El tanga-flor no es un regalo

 

EL primer regalo que me hizo el padre de las criaturas, allá cuando el cantante de Eskorbuto estaba vivito y roqueando, fue un trozo de cordón de bota que se le acababa de romper y enrolló románticamente en mi muñeca a modo de pulsera. Luego vinieron la servilleta de bar dedicada, la florecilla silvestre seca, la anilla de una lata de cerveza como alianza… Tenía que estar muy al loro porque, como me descuidara, mi madre me lo tiraba todo a la basura pensando que lo había traído sin querer pegado a la suela del zapato. 13307-MEC9964763_1336-OEn aquella época de agilipollamiento transitorio, te obsequiaban con una piedrecilla del Pagasarri y tú morías de amor, aunque se la acabara de sacar de la alpargata. Pasados los años, como el pedrusco no sea de los que se miden en quilates, ya no cuela y corre el riesgo de que vuelva a él en plan bumerán. La cosa no siempre está fácil porque a las rarunas como yo nos repelen los osos amorosos y las cajas de bombones con forma de corazón.

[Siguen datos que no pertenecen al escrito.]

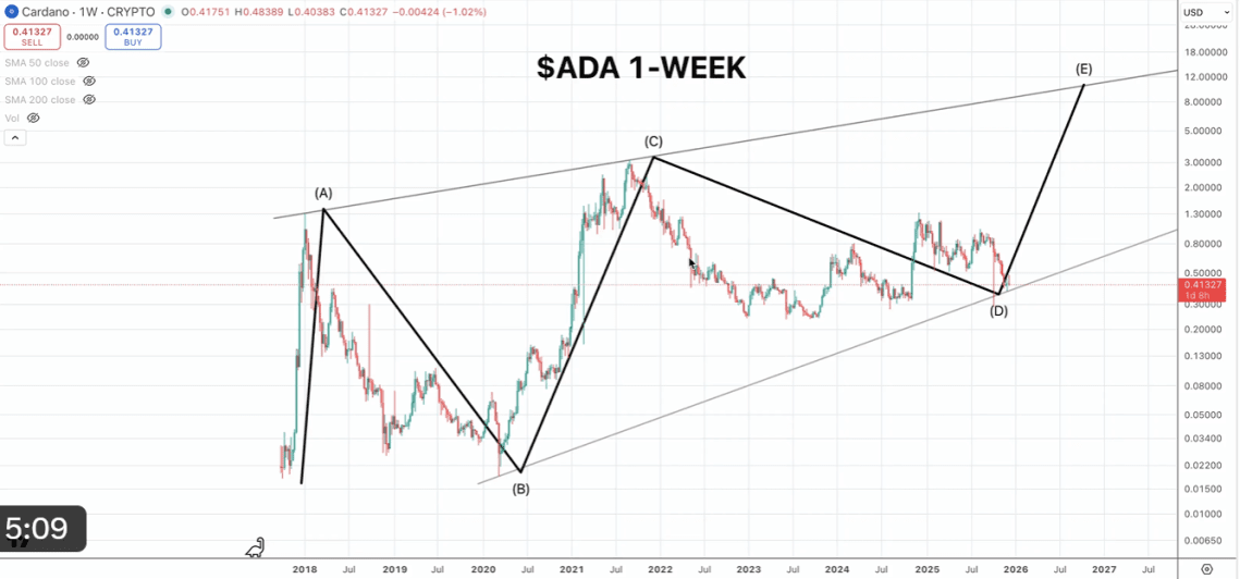 The guy is not throwing darts; he is using a framework called wave analysis and is focusing on something he calls a triangular structure on the chart. Imagine that the price of ADA is moving within a funnel that is closing (the correction), and we are waiting for the last leg of that movement, the "wave E", before it bursts upward. 🚀

El pobre ha ido dando tumbos todo este tiempo: sortijas que no me pongo, conjuntos de lencería que no me valen, un bolso de señora… Al final decidí poner canapé en la cama para irlo enterrando todo. La culpa la tiene la publicidad, que les come el coco, y acaban comprando un tanga rojo pinchado en un palo, simulando una rosa, que no sabes si colocar en un jarrón o ponérsela a ellos en la solapa. Cuánto bien han hecho las tarjetas regalo.